Copy out exactly, from the entries that follow, the line holding "Smörgåstårta med skaldjurslyx", the line holding "20级环艺2班王晓云在新乡市", and all lines between them, but no pictures.
[[ Material shown open ]]
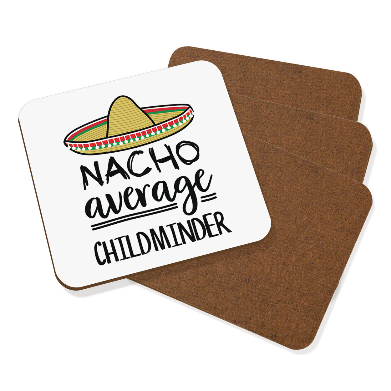 Nacho Average Childminder Coaster Drinks Mat Set Of 4 Funny Joke Best Au Pair
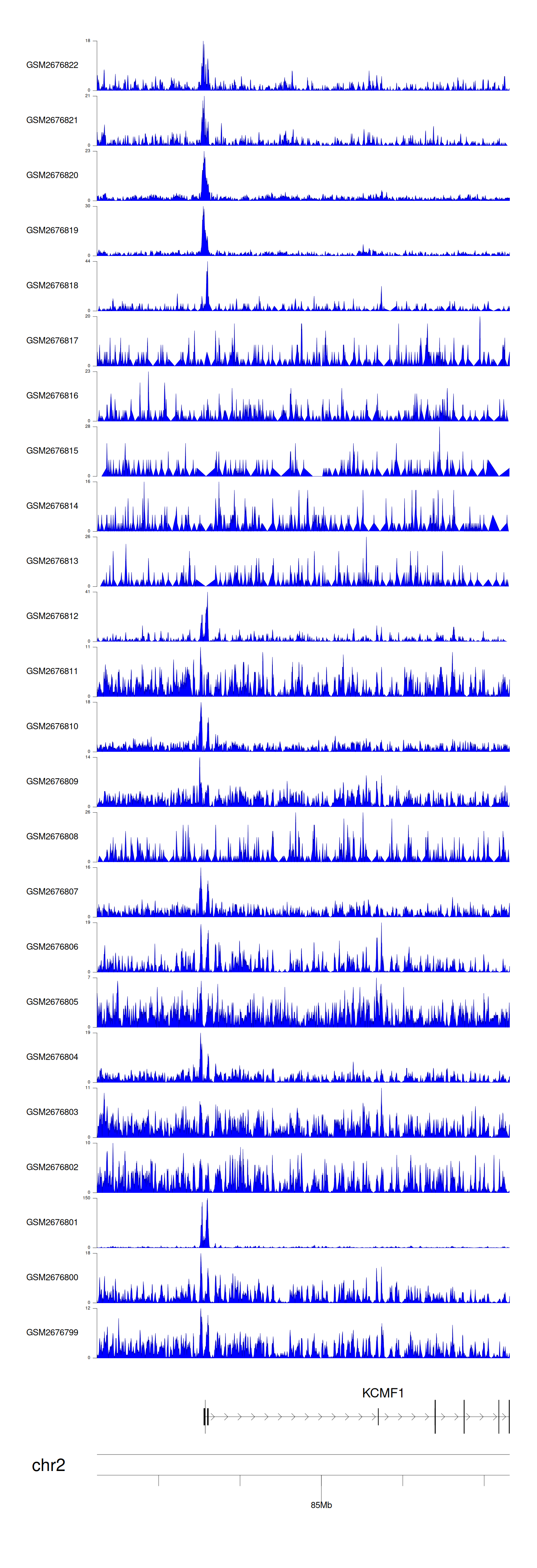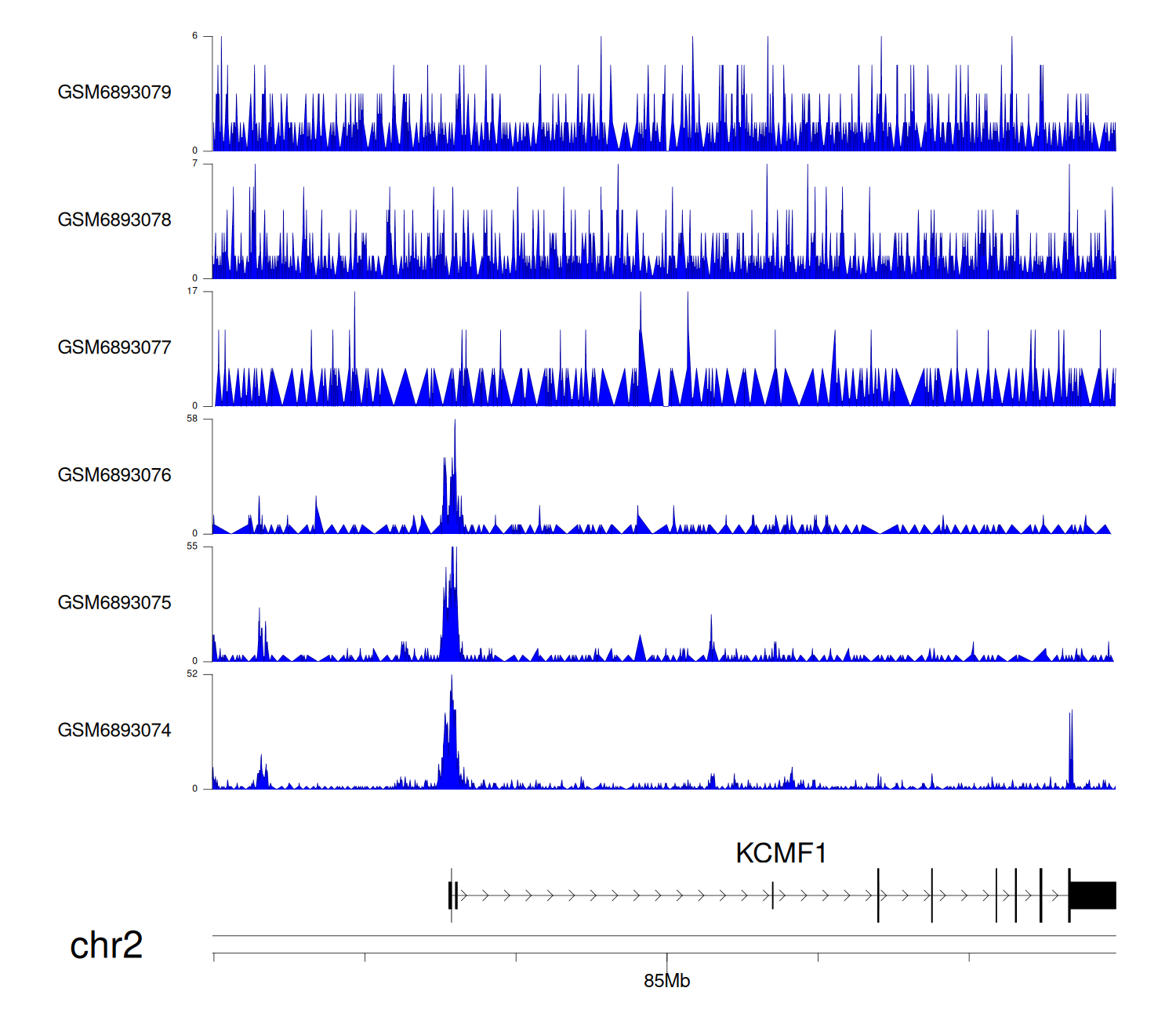 > Dataset: GSE211651 - KCMF1 peak across samples
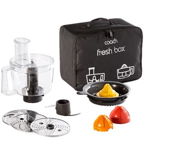 Sada příslušenství pro kuchyňský robot Tefal Coach : 5 funkcí, krouhání, krájení, sekání, strouhání, lisování citrusů, aplikace s recepty, snadná instalace. CO JE SOUČÁSTÍ BALENÍ: Food processor, 3 kotouče na strouhání a krájení, lis na citrusy se 3 nástavci, pouzdro, přístup k aplikaci Tefal
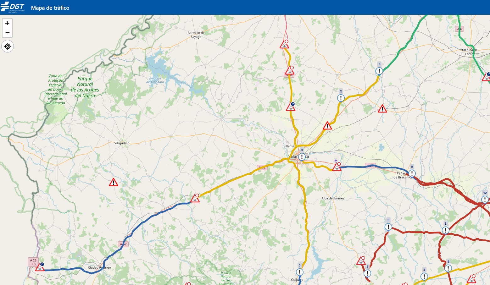 A las 11 horas, las restricciones afecrtaban a parte de las tres autovías salmantinas, en las inmediaciones de la ciudad edl Tormes.
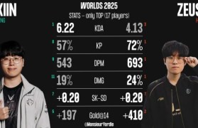 外媒统计S15瑞士轮Kiin、Zeus数据对比;Kiin在KDA方面较为领先,而Zeus在参团率、分...
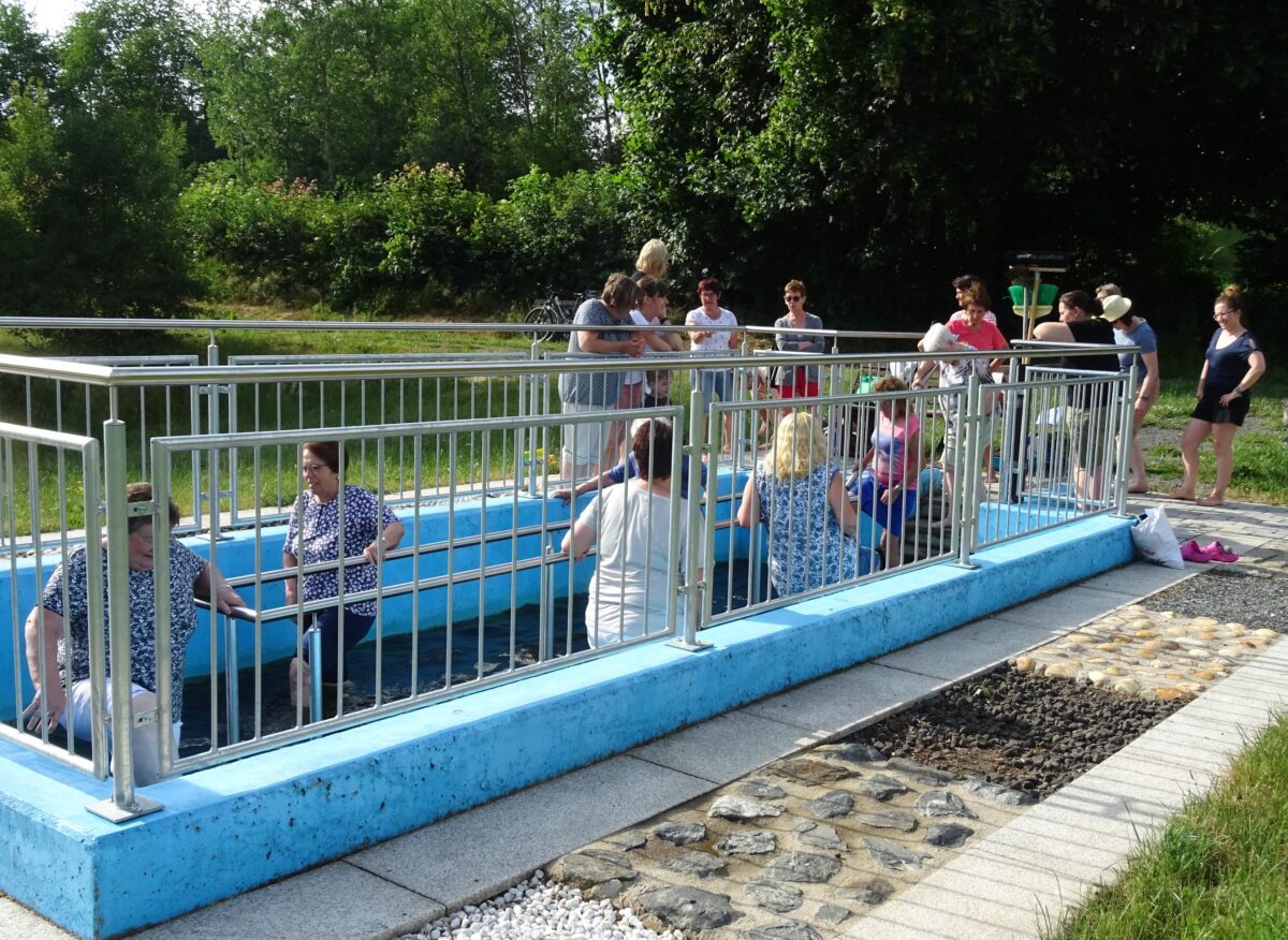 Die Teilnehmer ließen sich von der Kneippexpertin Barbara Winkler aus Teunz über das richtige Wassertreten einführen.
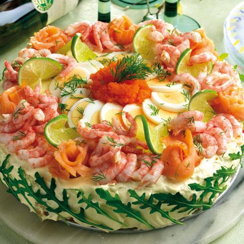 Smörgåstårta med skaldjurslyx
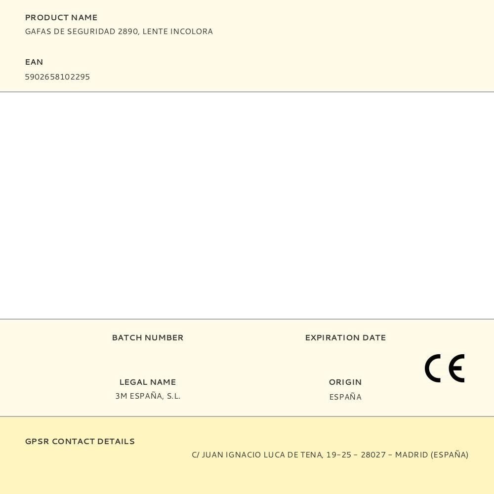 GAFAS DE SEGURIDAD 2890, LENTE INCOLORA
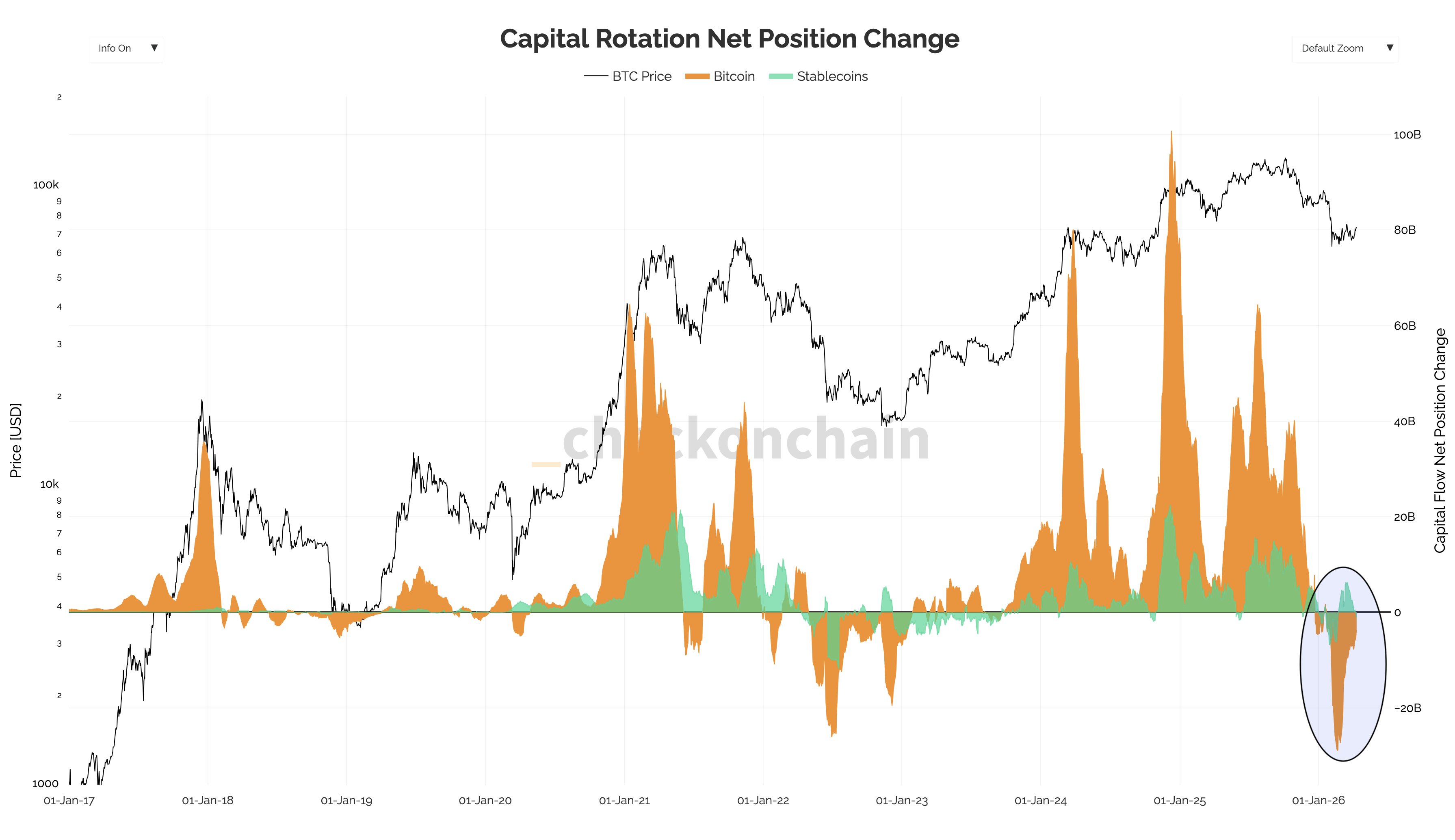 Highlighting data from Checkonchain, Darkfost based their analysis on the Capital Rotation Net Position Change, which measures the flow of funds between major cryptocurrencies (Bitcoin, in this case), stablecoins, and fiat currencies. This metric tracks whether investors are moving their capital into riskier assets (risk-on sentiment) or to risk-free assets (flight-to-safety sentiment).
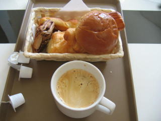 朝は6時50分に起きて、フロントで7時からの無料のパン&コーヒーをいただいて朝食です。
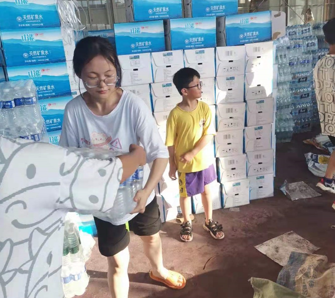 20级环艺2班王晓云在新乡市卫辉市参加汛期志愿工作。卫辉市连续特大暴雨引发了洪涝灾害,人民生命安全和财产遭受严重损失。她说:“一方有难,八方支援,全国各地捐赠的大批物资持续送往卫辉,从7月24日下午开始,我就在卫辉市镇国塔附近,和其他志愿者一起装卸物资,为帮助灾民尽一份微薄之力。面对生命呼唤,我们义无反顾。风雨来袭之际,我们同舟共济!迎洪水而上,我们用大爱托起生命之舟!”
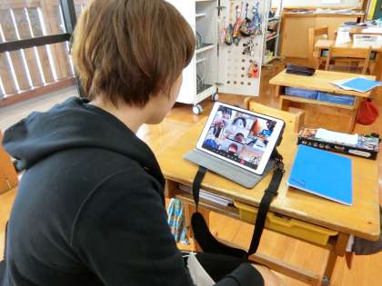 今朝は、前回よりちょっと進化した形で「リモート朝の会」を行いました。朝はいろいろと忙しい時間帯なので、必ずしもタブレットを使うのは朝じゃなければいけないと限定せずに1日1回はタブレットを各学級で活用し、実際にオンライン授業ができるところまでを全校体制で行っていきます。
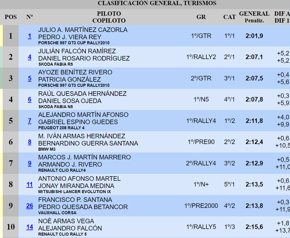 Julián Falcón y Daniel Rosario pasaron por la zona del percance a velocidad reducida, al igual que Ayoze Benítez y Patricia González. Por este motivo, ambos equipos recibieron unos tiempos aplicados por los comisarios. Los del Skoda Fabia R5 se marchan a la cama en la segunda plaza provisional, mientras que los del Porsche 997 GT3 Cup Rallye 2010 lo hacen en la tercera. Su desventaja con los líderes supera la frontera de los cinco segundos, déficit que están obligados a contrarrestar en las especiales que restan.
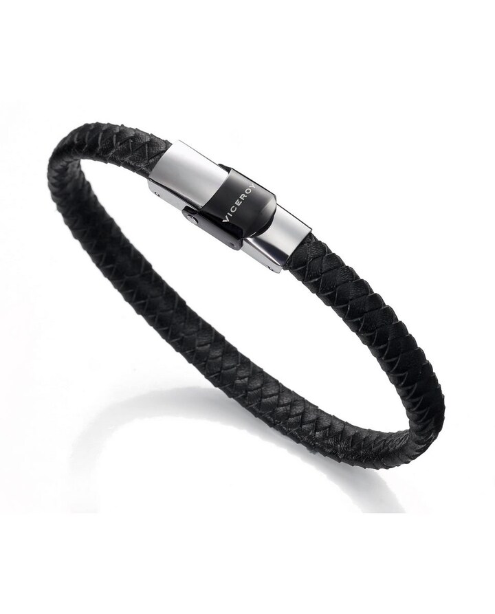 Pulseira Yard em aço bicolor com botão IP preto e cordão preto entrançado.
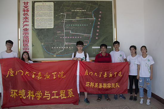 与此同时,Rubber.D团队另一小分队也开始对周边居民进行挨家挨户的走访调研,以望获得更多居民对红树林保护的看法。期间,队员们受到一名热心居民大叔的邀请,大叔细心的为队员们讲述了红树林保护区建设后的良好效益,他说:“自从红树林保护区建立以后,使本地的水质变得更加适于海产品的养殖,所以决定了本地的主要养殖业为虾蟹贝类及黄鳍鲷鱼等,并且红树林为这里提供了清新的空气。”通过一一走访交流,居民们都对红树林带来的良好效益给予了高度肯定。此外队员们还走访了当地的相关管理部门:甘文农业开发区,与场长进行了密切交谈,获取团队调研所需的资料,并于最后合影留念。
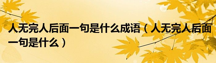 大家好,小晋来为大家解答以下问题,关于人无完人后面一句是什么成语,人无完人后面一句是什么很多人还不知道,今天让我们一起来看看吧!
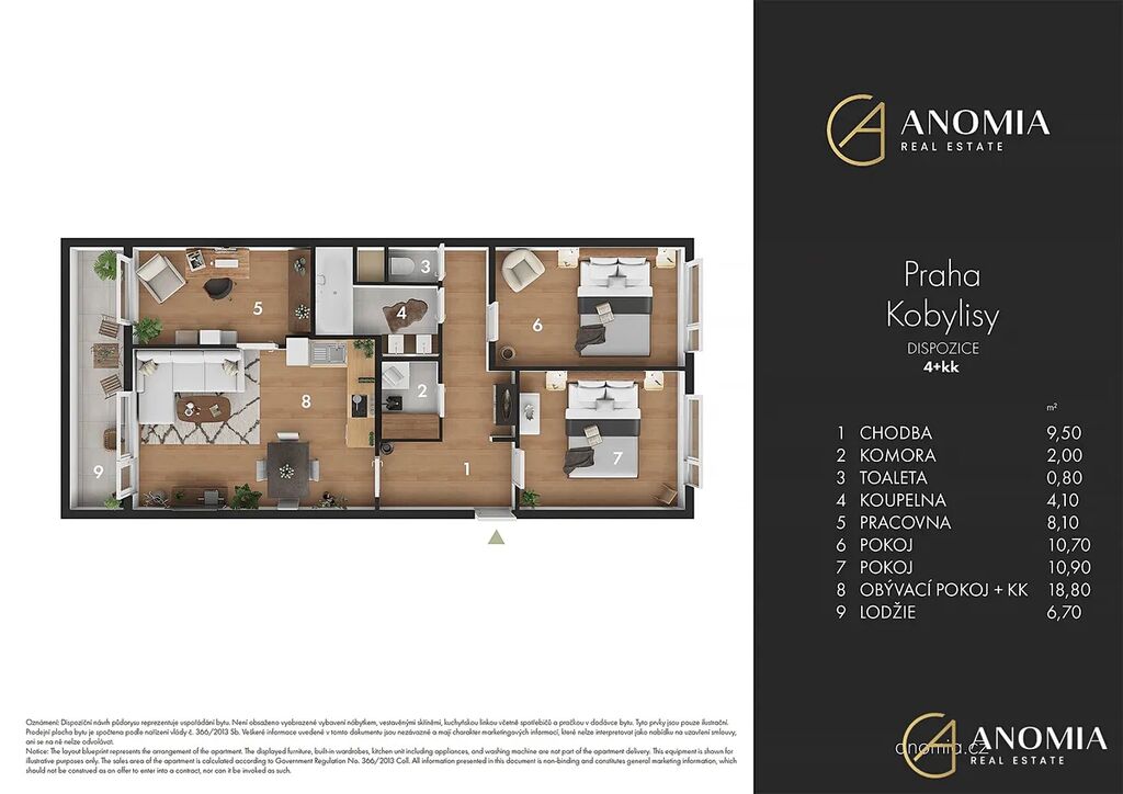 V bytě dále najdete 3 samostatné, neprůchozí pokoje, které lze využít jako ložnici, dětské pokoje nebo pracovnu, koupelnou, oddělené WC a technickou místností s místem na pračku i sušičku. Koupelna zaujme elegantním designem – velkoformátové obklady, podsvětlené niky a kvalitní materiály vytvářejí nadčasový a harmonický dojem.
[[ Material shown closed ]]
* _Response to the exercise_:
 Smörgåstårta med skaldjurslyx
 GAFAS DE SEGURIDAD 2890, LENTE INCOLORA
 Highlighting data from Checkonchain, Darkfost based their analysis on the Capital Rotation Net Position Change, which measures the flow of funds between major cryptocurrencies (Bitcoin, in this case), stablecoins, and fiat currencies. This metric tracks whether investors are moving their capital into riskier assets (risk-on sentiment) or to risk-free assets (flight-to-safety sentiment).
 朝は6時50分に起きて、フロントで7時からの無料のパン&コーヒーをいただいて朝食です。
 20级环艺2班王晓云在新乡市卫辉市参加汛期志愿工作。卫辉市连续特大暴雨引发了洪涝灾害,人民生命安全和财产遭受严重损失。她说:“一方有难,八方支援,全国各地捐赠的大批物资持续送往卫辉,从7月24日下午开始,我就在卫辉市镇国塔附近,和其他志愿者一起装卸物资,为帮助灾民尽一份微薄之力。面对生命呼唤,我们义无反顾。风雨来袭之际,我们同舟共济!迎洪水而上,我们用大爱托起生命之舟!”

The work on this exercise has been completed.